[Opening Provided entries section]

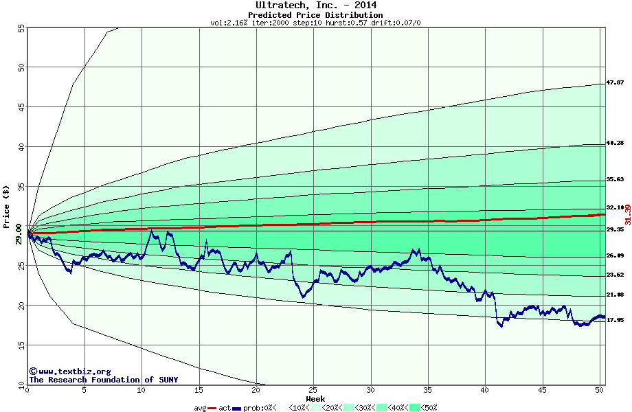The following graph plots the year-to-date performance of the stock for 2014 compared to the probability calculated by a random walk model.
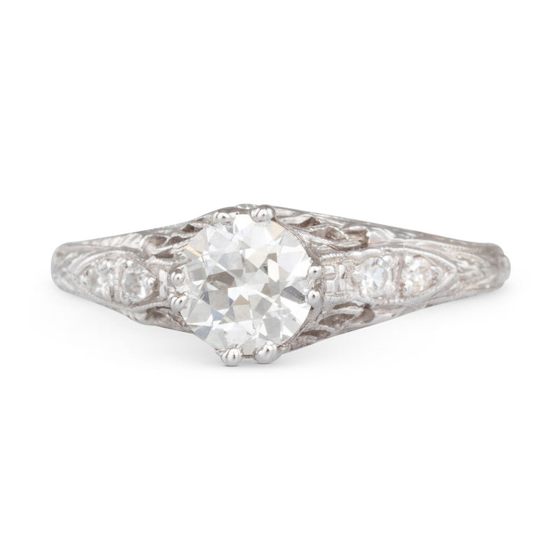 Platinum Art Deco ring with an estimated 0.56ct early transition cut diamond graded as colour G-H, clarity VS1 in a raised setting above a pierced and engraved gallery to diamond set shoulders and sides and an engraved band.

[Closing Provided entries section]
[Opening Provided entries section]

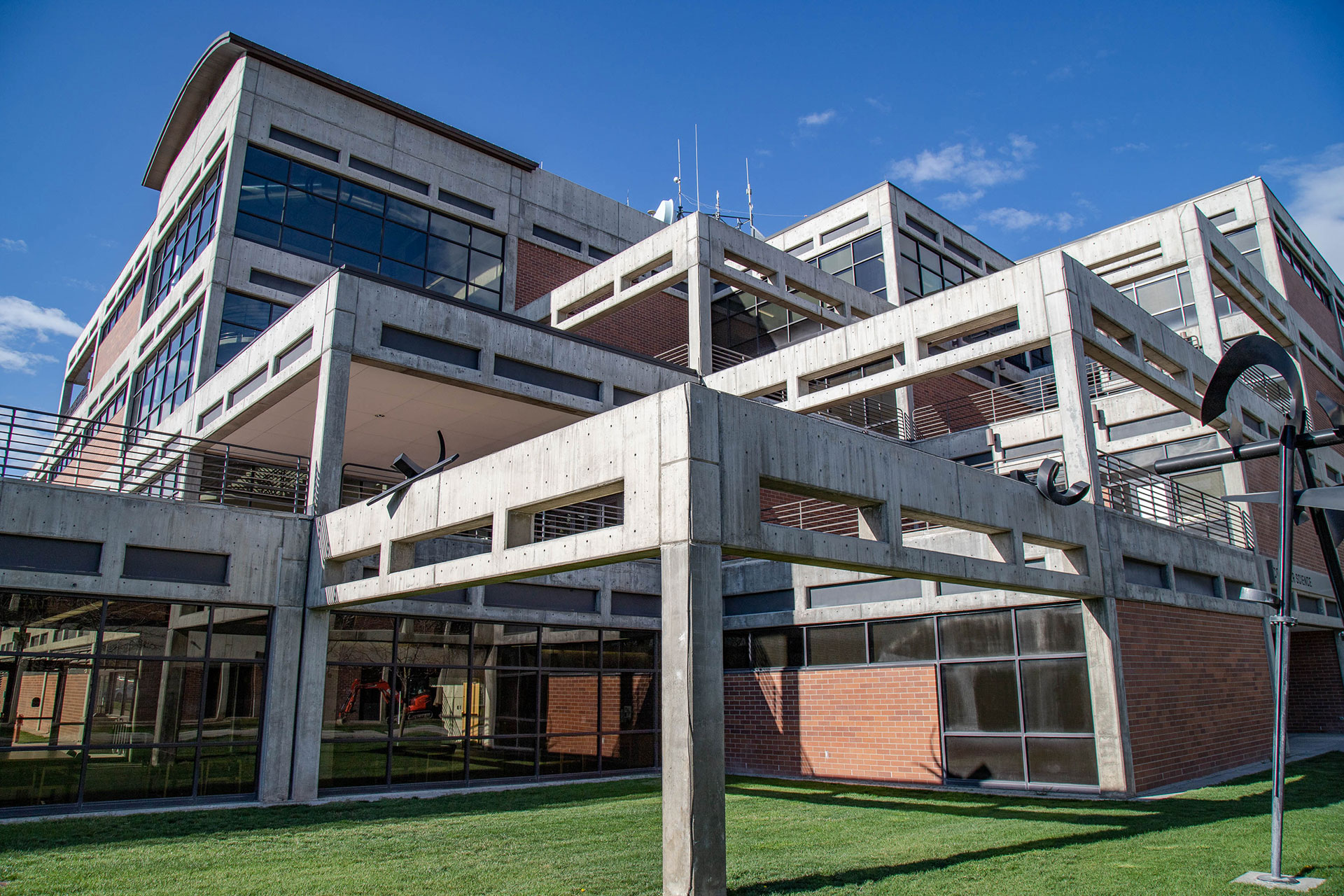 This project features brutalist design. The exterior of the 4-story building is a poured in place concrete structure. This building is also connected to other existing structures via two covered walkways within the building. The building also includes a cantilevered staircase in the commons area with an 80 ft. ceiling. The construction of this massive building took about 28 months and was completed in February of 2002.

[Closing Provided entries section]

Work task:
Taking the entries above, extract every line from the one bearing "The following graph" through the one bearing "Platinum Art Deco", exactly, with no pictures.

Exercise answer:
The following graph plots the year-to-date performance of the stock for 2014 compared to the probability calculated by a random walk model.
 Platinum Art Deco ring with an estimated 0.56ct early transition cut diamond graded as colour G-H, clarity VS1 in a raised setting above a pierced and engraved gallery to diamond set shoulders and sides and an engraved band.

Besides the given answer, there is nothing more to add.